Based On Backstepping Dissipative Control Of Uncertainty Robot Systems

Dissipative control plays an important role for the stability of nonlinear systems, H_∞ control and passivity control are the special examples of it. Because robotic systems are a typical nonlinear system, so dissipative is applied widely in robotic systems. It is known that robot system is a control object with complex nonlinear, strong coupling and lots of uncertainties, and when the manipulator end-effector contacts with the environment, the different environment stiffness affect greatly the system performance. Hence, the research of these two aspects has a special meaning to the control of the robotic system. Aims at these two situations, using dissipative theory and based on backstepping method, this dissertation provides H_∞ robust control,position passivity control and hybrid force/position passivity control. H_∞ control is based on the principle of restraining disturbance. Insuring the systems' stable, H_∞ control makes systems disturbance have a demanded lowest influence to outputs. Based on H_∞ theory and considering the relationship of parameters uncertainty and the outer disturbance, this paper brings forward two control methods, one is that control the parameters uncertainty and the outer disturbance respectively; the other is regards the parameters uncertainty as a part of the outer disturbance, by combining the backstepping method and H_∞ control theory, it avoids the calculation of HJI equation in controlling nonlinear systems using H_∞ method, simplifies the calculation course of the controller and the required controller has a simply structure.
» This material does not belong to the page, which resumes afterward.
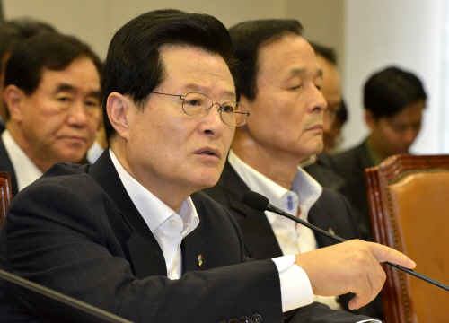 | ▲허태열 청와대 비서실장이 21일 국회 운영위원회에 출석해 의원들의 질의에 답하고 있다. 눈을 감은 김장수 국가안보실장의 모습이 허 실장 뒤로 보인다. ⓒ뉴시스 |

Passivity theory primarily analyzes stability of nonlinear systems. The stable result is obtained from the stable character of passivity systems. Using backstepping and the strict-feedback method, aims at different workspaces, this dissertation provides a position passivity control and a hybrid force/position control methods. Decoupling theory and matrix transformation are used in the later method, and the robotic systems is divided into two subsystems, the force control subsystem and the position control subsystem, then to control them respectively, the error of the system can be neglect and the system is stable.